His work also influenced other notable psychologists including Howard Gardner and Robert Sternberg.

In their 2005 text The Science of False Memory, Brainerd and Reyna wrote of Piaget's influence:

"In the course of a long and hugely prolific career, he contributed important scholarly work to fields as diverse as the philosophy of science, linguistics, education, sociology, and evolutionary biology. Above all, however, he was the developmental psychologist of the 20th century. For two decades, from the early 1960s to the early 1980s, Piagetian theory and Piaget's research findings dominated developmental psychology worldwide, much as Freud's ideas had dominated abnormal psychology a generation before. Almost single-handedly, he shifted the focus of developmental research away from its traditional concerns with social and emotional development and toward cognitive development."

Biographies of Jean Piaget

If you want to learn more about Piaget, consider some of these biographies of his life.

  • Bringuier, J.C. (1980). Conversations with Jean Piaget. Chicago: University of Chicago Press.
  • Evans, R. (1973). Jean Piaget, the man and his ideas. New York: Dutton.
  • Piaget, J. (1952). Autobiography. In E. Boring (ed). History of psychology in autobiography. Vol. 4. Worcester, MA: Clark University Press.

Selected Publications by Jean Piaget

For a further exploration of his ideas, consider reading some of the source texts. The following are some of Piaget's best-known works.

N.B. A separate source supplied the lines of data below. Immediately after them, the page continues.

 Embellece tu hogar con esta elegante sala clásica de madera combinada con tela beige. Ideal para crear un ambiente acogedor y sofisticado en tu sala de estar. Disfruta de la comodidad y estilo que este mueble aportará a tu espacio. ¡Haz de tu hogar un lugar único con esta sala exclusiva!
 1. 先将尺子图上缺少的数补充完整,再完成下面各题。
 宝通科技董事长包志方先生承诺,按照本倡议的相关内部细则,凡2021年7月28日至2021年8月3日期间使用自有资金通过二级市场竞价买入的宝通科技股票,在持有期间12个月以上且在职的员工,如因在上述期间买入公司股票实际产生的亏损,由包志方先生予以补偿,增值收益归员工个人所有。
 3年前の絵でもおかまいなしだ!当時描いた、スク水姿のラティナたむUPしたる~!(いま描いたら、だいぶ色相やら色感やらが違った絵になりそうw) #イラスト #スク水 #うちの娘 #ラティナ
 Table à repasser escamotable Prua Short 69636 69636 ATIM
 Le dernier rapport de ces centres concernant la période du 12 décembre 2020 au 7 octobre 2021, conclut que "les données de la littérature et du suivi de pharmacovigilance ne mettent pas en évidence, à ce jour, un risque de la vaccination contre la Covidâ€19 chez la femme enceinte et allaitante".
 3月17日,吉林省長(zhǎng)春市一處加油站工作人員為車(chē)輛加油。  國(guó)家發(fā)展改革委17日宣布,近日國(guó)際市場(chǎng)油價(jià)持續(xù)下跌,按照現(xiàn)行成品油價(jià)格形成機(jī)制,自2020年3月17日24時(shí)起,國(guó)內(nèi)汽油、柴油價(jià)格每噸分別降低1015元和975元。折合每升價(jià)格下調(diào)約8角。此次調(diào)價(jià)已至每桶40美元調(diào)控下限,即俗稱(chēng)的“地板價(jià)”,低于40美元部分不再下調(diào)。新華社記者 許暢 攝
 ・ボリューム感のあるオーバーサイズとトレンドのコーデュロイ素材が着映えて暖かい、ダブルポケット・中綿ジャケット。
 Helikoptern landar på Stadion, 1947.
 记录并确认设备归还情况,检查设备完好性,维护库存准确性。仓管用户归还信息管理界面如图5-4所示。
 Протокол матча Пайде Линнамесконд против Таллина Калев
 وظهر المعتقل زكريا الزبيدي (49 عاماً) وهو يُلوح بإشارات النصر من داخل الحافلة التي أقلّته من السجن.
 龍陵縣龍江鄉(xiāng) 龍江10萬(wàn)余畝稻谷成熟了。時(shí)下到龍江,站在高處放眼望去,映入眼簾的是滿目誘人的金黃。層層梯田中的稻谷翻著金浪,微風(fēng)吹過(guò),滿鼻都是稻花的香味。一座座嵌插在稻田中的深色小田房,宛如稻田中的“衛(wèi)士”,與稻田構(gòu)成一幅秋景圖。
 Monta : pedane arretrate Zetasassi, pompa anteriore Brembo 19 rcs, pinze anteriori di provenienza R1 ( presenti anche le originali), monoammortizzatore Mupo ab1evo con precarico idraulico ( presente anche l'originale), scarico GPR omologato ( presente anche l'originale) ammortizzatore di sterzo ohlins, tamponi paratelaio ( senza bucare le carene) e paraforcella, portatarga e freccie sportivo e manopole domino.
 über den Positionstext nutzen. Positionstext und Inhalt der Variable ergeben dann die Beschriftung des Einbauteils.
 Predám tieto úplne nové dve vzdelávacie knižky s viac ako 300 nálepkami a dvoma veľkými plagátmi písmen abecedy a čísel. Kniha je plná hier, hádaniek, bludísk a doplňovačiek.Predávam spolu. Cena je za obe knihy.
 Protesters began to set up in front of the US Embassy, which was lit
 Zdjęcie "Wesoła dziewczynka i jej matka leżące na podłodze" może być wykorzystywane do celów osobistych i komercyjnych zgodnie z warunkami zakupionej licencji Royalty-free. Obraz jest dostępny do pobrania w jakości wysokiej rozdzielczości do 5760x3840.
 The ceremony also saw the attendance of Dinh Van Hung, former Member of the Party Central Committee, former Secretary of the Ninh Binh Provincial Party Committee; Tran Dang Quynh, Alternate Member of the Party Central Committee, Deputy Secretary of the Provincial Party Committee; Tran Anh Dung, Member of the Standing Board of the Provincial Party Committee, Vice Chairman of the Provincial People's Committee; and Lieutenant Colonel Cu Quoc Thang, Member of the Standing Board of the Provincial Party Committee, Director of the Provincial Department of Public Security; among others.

  • Piaget, J. (1936) Origins of intelligence in the child. London: Routledge & Kegan Paul.
  • Piaget, J. (1945) Play, dreams and imitation in childhood. London: Heinemann.
  • Piaget, J. (1970) Main trends in psychology. London: George Allen & Unwin.
  • Piaget, J. (1970). Genetic epistemology. New York: W.W. Norton & Company.
  • Piaget, J. (1973). Memory and intelligence. New York: BasicBooks.

In His Own Words

"The principle goal of education in the schools should be creating men and women who are capable of doing new things, not simply repeating what other generations have done.
-Jean Piaget


Brainerd, C. J., & Reyna, V. F. (2005). The science of false memory. New York: Oxford University Press.